Though he had halted some distance away, I could see those cat heads clearly. They loomed as if they were the House sign of some clan.

We sat so for some moments of silence, eyeing each other across that gap he had chosen to keep between us. Now I was able to make out more plainly his features. He was young, I thought, perhaps near my own age. His face was smooth—but that was not strange, for many of the Dalesmen grew little or very scant beards until they were well past the middle span of life.

His skin was brown, and his eyes were slightly elongated, sloping up a little under straight brows. The more I studied him, the surer I became I had found one who called this Waste, or some place like it, his home. This was no strayed Dalesman. His accoutrements were too finely wrought, his mount a superb animal. Also, though he looked fully human, yet I did not need that light warmth at my wrist to tell me that this was one who possessed Power of one kind or another.

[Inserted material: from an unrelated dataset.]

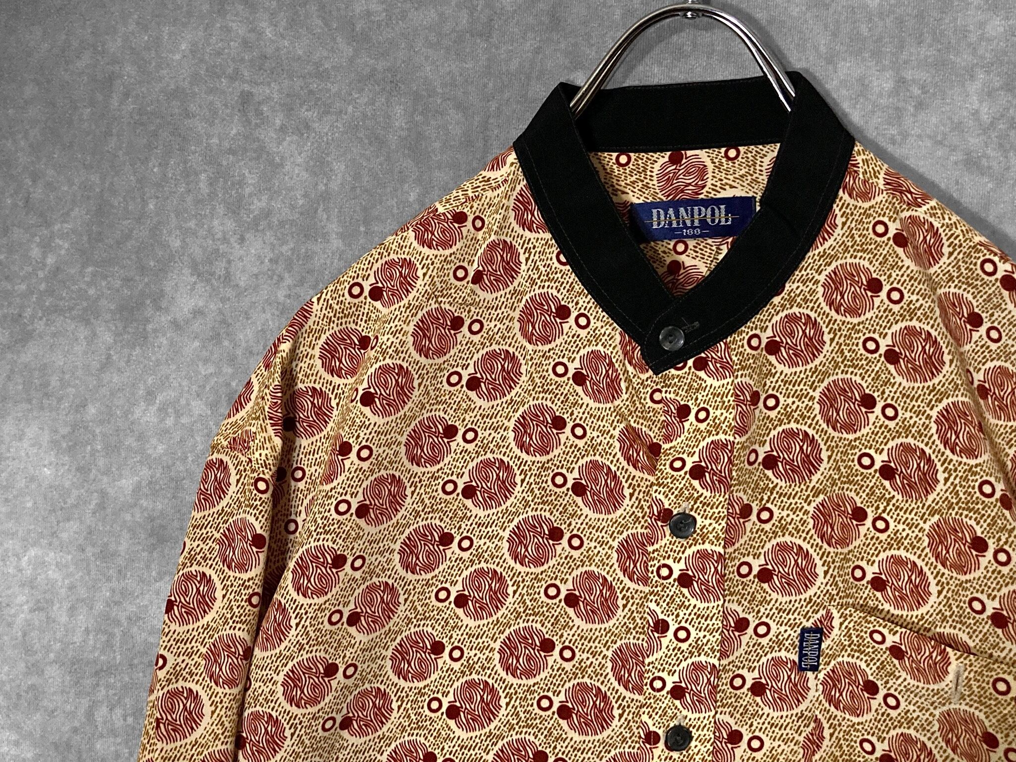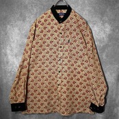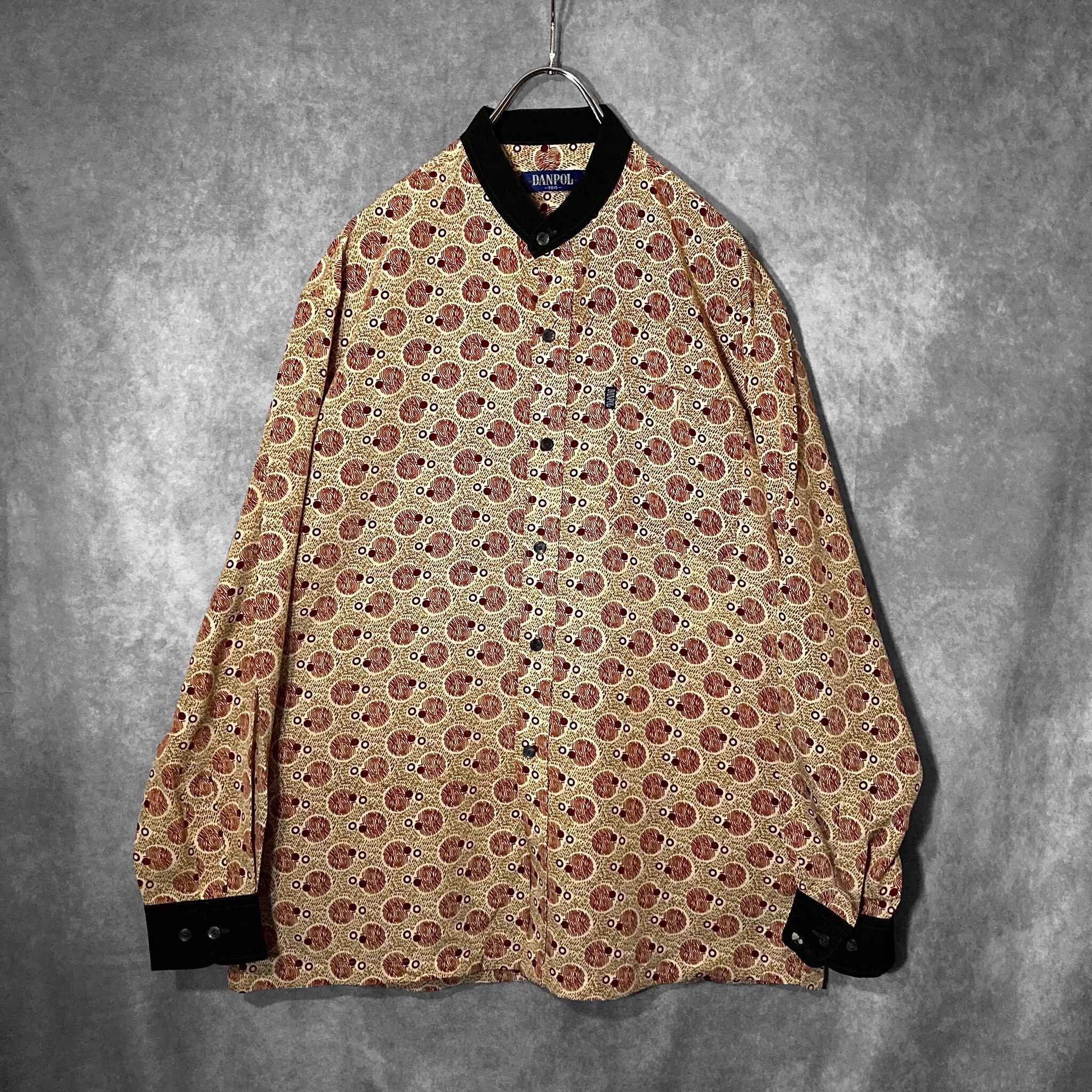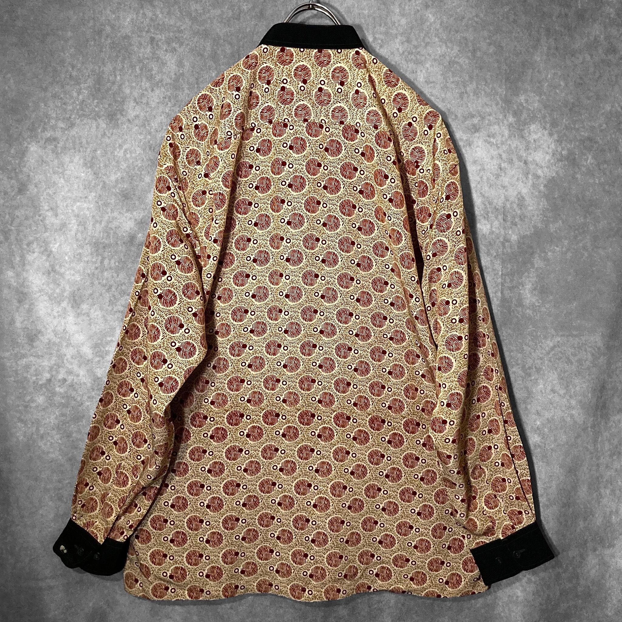 XL Japanese-ish Marble pattern all over design Band-collar L/S shirt

He regarded me with an equally intent study. I was certain he had not missed the sight of my hooves in the special stirrups I had devised. Did he know of any of my kind? Were there any of my kind or kin—or was I merely half-misshapen hybrid, and so, in the eyes of any true blood here, as much a mistake of birth as I was in the Dales?

I knew that without any warning it was useless for me to approach him closer. It was plain that my three animals held him in odd terror. They shivered, while foam still gathered at the corners of their mouths.

Since he had not drawn steel—did he think that I was so unworthy a foe, so helpless that he need not defend himself in that way—dare I accept him as neutral? There was no other choice. I would do what I had to.

Taking a chance, I dropped my reins and raised my hands palm out. The silk-fine mesh of my mail fell a little back from my wrist and the sunlight made a blue flame of that band.

Was it a passport, something that would gain me recognition in this place, at this time? I could only wait on the stranger’s answer to me.